Government spending has been cut by almost a third.
In November, Argentina announced its ninth consecutive month of government budget surpluses. And with inflation below 3 percent per month, Argentina’s central bank cut interest rates from more than 100 percent a year ago to 36 percent as of the end of November.
In September, Argentina’s rate of wage growth, which was 4.7 percent, exceeded the inflation rate for the first time in years, according to Trading Economics.
Still, 35 percent said they continue to struggle to afford food, and 69 percent said they struggle to find work.
Lessons for Trump Admin
Earle said if the Trump administration wants to take a leaf out of Milei’s book, it has to hit the ground running “given the lag times in economic policies.”“In view of the rapidity with which he has built his Cabinet and begun drawing plans up, it’s quite clear that President Trump has every intention of starting to tear away constricting regulations and wasteful spending on his first day in office,” Earle said.
He said the Trump administration must also be willing to consider cuts in areas such as the military, education, Social Security, and Medicare, and be “immune to the criticism” that will inevitably follow.
The United States is not experiencing many of the crises that Argentina has faced, but many economists predict dire consequences if federal spending continues at the current pace.

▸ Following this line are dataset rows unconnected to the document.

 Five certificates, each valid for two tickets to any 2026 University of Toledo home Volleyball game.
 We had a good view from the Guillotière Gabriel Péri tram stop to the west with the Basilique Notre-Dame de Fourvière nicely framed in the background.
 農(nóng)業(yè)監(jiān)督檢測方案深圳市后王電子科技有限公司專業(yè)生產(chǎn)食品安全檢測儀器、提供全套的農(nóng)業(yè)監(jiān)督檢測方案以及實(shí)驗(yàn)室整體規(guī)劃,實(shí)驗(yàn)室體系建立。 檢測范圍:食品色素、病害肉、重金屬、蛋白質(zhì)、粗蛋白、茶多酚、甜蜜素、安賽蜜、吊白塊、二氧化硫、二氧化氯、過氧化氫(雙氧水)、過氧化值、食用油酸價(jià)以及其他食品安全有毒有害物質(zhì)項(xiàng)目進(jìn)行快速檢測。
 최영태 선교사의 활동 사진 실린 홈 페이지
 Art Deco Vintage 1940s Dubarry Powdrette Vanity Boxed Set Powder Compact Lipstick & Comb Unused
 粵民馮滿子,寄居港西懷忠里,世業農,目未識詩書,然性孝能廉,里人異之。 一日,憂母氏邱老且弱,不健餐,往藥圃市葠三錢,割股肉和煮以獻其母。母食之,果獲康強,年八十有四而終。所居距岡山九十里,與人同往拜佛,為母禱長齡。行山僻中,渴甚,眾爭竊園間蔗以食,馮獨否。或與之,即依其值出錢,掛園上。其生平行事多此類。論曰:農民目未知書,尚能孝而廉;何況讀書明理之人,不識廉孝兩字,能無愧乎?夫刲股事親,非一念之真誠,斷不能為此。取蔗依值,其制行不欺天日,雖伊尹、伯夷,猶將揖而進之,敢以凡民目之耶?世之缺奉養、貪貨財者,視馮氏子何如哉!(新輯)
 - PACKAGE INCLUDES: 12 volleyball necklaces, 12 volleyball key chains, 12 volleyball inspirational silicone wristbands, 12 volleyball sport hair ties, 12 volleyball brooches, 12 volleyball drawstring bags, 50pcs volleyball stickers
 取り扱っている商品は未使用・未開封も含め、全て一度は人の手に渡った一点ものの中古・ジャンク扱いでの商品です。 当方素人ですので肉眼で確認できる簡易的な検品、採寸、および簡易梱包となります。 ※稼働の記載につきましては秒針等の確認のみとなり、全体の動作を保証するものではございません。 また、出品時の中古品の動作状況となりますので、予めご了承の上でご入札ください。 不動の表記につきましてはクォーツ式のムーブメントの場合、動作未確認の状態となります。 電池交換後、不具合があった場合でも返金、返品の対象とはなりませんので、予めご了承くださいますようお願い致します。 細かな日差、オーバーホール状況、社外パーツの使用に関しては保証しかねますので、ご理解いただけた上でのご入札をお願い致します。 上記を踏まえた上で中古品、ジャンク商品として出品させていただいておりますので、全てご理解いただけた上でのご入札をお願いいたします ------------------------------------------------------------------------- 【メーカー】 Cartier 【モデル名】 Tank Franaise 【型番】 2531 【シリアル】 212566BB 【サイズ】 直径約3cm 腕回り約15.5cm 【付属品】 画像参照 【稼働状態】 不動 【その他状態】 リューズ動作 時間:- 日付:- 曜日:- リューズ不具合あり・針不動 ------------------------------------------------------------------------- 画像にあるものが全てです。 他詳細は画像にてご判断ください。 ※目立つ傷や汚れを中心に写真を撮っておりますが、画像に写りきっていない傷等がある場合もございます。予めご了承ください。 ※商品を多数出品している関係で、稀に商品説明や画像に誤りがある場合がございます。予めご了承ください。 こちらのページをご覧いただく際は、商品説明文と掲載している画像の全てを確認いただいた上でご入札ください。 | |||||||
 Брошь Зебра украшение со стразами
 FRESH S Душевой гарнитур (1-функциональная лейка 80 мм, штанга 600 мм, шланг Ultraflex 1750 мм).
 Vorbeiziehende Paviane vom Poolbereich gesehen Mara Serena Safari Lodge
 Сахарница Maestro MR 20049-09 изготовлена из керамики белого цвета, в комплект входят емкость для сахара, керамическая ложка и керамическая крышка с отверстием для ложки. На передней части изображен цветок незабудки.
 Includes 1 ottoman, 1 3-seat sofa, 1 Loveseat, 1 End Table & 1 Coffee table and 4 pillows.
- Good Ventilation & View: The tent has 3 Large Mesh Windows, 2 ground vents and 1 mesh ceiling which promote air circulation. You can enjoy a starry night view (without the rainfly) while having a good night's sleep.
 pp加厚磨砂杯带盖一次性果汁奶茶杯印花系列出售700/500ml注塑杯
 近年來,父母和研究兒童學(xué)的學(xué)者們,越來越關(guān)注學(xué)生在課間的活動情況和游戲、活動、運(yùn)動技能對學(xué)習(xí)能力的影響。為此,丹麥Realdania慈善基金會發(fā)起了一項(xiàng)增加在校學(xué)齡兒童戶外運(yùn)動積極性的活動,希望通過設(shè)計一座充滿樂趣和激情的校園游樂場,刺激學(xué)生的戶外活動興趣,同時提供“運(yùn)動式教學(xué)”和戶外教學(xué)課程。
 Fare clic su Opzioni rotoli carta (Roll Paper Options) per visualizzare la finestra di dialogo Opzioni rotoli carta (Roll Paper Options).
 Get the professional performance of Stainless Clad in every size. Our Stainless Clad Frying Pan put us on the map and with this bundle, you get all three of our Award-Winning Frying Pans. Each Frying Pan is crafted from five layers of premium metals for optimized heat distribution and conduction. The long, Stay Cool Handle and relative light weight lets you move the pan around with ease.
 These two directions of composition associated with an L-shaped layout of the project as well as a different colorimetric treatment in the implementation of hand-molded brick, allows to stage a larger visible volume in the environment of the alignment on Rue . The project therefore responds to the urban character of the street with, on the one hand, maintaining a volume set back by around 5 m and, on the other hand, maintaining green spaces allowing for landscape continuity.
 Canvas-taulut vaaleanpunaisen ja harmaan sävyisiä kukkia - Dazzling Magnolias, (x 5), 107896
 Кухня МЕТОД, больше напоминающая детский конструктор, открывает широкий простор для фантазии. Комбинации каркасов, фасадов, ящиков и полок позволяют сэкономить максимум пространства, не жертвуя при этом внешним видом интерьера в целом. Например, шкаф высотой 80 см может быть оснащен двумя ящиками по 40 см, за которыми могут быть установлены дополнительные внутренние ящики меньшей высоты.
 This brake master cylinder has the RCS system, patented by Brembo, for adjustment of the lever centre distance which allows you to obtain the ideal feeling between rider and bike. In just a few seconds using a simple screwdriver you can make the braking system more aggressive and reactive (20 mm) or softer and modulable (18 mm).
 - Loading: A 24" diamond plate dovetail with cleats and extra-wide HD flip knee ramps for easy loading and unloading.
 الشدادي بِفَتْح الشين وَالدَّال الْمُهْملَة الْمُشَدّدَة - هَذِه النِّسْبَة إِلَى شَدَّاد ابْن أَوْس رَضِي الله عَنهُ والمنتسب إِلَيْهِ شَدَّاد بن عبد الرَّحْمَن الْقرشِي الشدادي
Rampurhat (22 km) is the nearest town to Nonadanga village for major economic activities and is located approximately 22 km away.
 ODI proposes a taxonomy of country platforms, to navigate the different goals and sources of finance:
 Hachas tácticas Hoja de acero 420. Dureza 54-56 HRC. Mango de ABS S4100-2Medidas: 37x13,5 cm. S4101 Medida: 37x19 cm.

America has run up more than $8 trillion in federal deficits between 2020 and 2023, and the national debt, which exceeded $36 trillion, is costing Americans $1.8 billion in interest payments per day.
In his first term, Trump cut taxes and approved trillions in new government spending, to which President Joe Biden added more trillions.
“If there are tax cuts but no spending cuts, deficits will widen,” Earle said. “The administration and its policies may lose credibility if—after being elected on the basis of being better on economic issues—U.S. debt and deficits, as well as inflation, worsen.”
And Trump may not be as dedicated to free markets as Milei.
While Milei liberalized trade, bringing the cost of many imported essentials down, Trump has threatened numerous tariffs—which some said would lead to higher prices—with the goal of protecting U.S. industries.